> **BRIEF**
Below is a listing. Return the lines from the one that contains "海康威视官方旗舰4g太阳能监控器摄像头360度室外免插电无需网络" to the one that contains "ケーブル 収納 ケーブルクリップ", both ends included, verbatim and with no pictures.

> **DATA RECORDS**
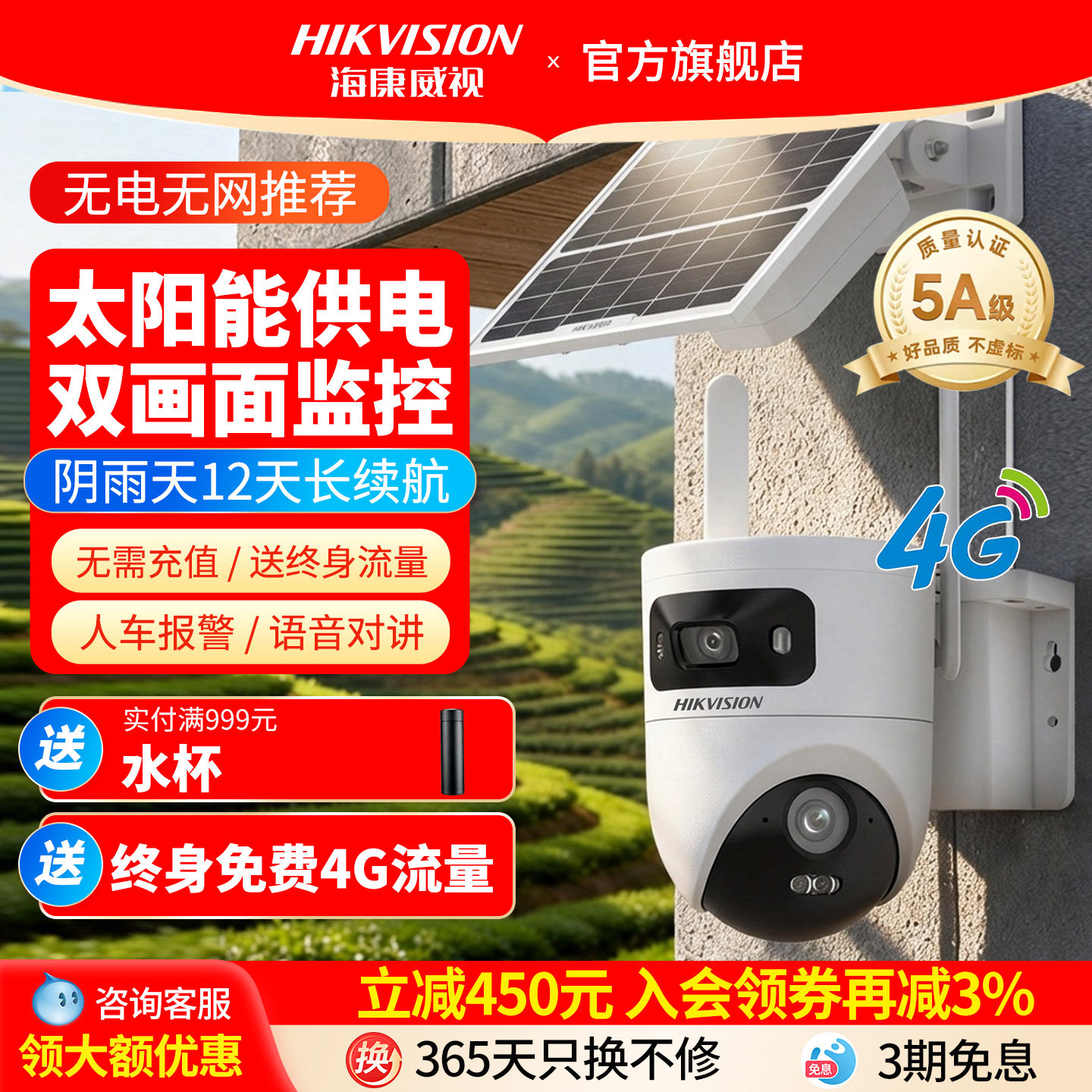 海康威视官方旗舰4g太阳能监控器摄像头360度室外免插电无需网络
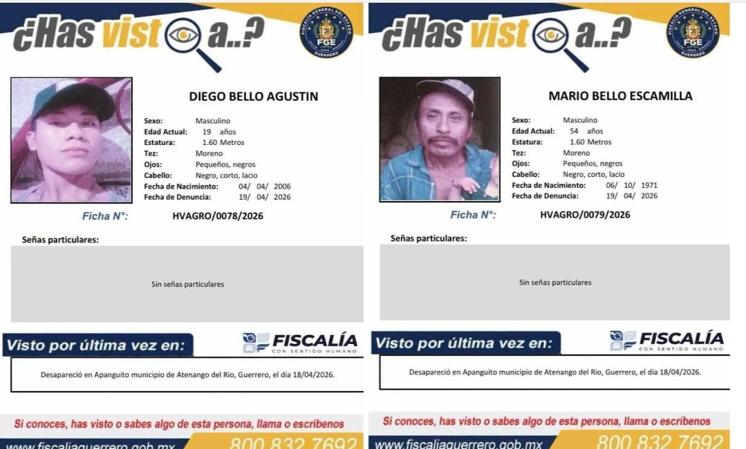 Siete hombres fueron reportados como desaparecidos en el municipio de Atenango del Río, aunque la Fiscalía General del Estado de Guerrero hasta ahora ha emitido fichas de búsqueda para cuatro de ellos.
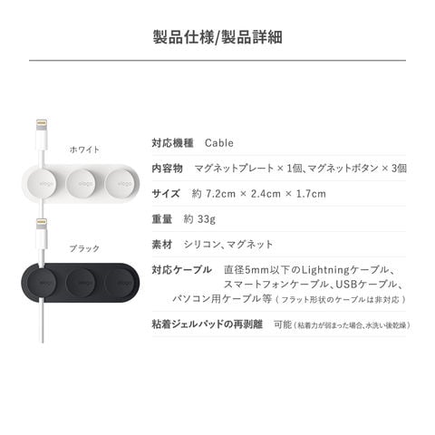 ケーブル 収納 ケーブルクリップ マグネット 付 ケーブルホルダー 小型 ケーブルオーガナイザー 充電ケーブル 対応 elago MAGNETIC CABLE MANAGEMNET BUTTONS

...

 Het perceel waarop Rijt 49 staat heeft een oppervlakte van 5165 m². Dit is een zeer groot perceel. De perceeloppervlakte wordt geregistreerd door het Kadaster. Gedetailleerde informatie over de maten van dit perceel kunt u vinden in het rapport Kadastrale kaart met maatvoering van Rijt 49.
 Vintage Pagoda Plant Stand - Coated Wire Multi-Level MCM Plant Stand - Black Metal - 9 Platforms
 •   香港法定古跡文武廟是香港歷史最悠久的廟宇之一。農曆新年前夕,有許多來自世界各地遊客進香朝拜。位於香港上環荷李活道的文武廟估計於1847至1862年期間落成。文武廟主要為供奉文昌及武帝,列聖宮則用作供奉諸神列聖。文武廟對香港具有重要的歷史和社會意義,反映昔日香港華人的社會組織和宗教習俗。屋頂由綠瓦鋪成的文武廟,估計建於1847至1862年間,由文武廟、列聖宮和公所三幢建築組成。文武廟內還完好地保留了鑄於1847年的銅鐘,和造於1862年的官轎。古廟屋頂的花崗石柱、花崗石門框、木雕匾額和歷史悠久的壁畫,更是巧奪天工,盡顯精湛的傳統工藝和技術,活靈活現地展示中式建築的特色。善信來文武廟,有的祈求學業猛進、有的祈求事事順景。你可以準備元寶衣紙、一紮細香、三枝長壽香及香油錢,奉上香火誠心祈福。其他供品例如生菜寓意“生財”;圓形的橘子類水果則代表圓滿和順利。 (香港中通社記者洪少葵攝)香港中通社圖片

...

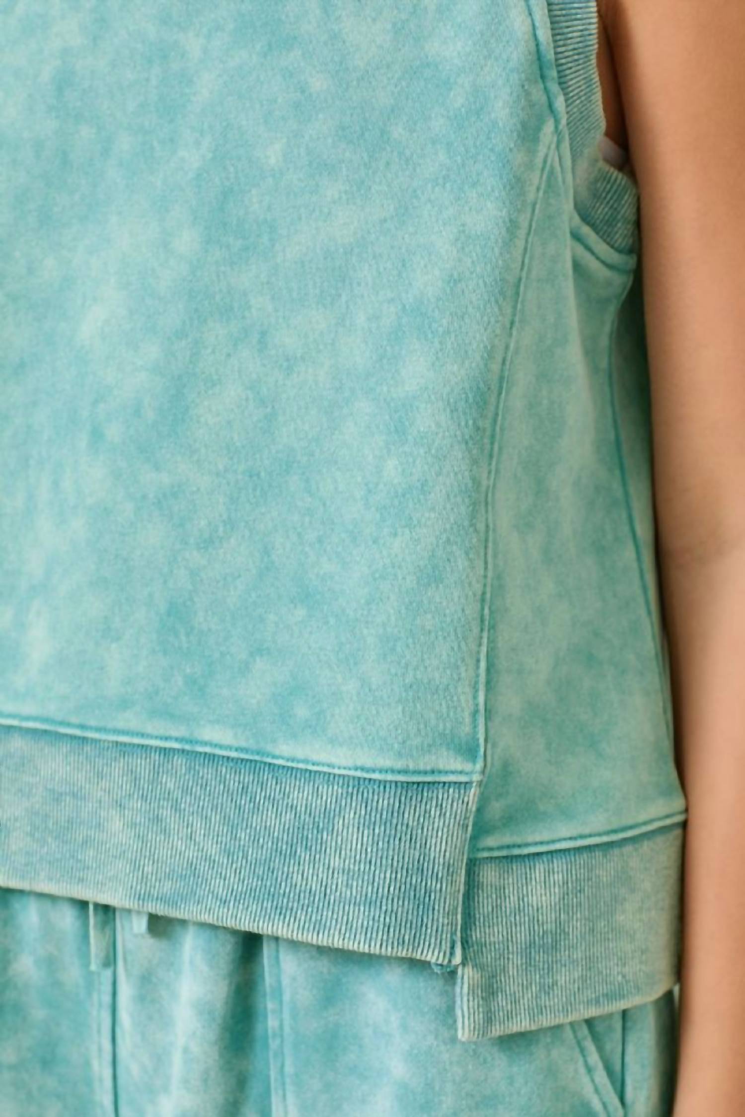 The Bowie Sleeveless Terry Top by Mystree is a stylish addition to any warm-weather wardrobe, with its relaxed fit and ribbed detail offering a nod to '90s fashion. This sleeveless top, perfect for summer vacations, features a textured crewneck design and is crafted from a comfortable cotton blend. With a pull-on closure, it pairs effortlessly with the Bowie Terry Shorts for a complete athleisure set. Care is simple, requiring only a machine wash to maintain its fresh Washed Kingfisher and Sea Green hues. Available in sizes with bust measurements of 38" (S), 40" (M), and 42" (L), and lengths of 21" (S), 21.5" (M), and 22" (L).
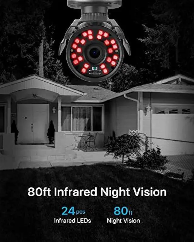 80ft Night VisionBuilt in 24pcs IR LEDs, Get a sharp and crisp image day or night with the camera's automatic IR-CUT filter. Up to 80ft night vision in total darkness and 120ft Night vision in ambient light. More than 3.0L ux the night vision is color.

> **TASK RESULT**
 海康威视官方旗舰4g太阳能监控器摄像头360度室外免插电无需网络
 Siete hombres fueron reportados como desaparecidos en el municipio de Atenango del Río, aunque la Fiscalía General del Estado de Guerrero hasta ahora ha emitido fichas de búsqueda para cuatro de ellos.
 ケーブル 収納 ケーブルクリップ マグネット 付 ケーブルホルダー 小型 ケーブルオーガナイザー 充電ケーブル 対応 elago MAGNETIC CABLE MANAGEMNET BUTTONS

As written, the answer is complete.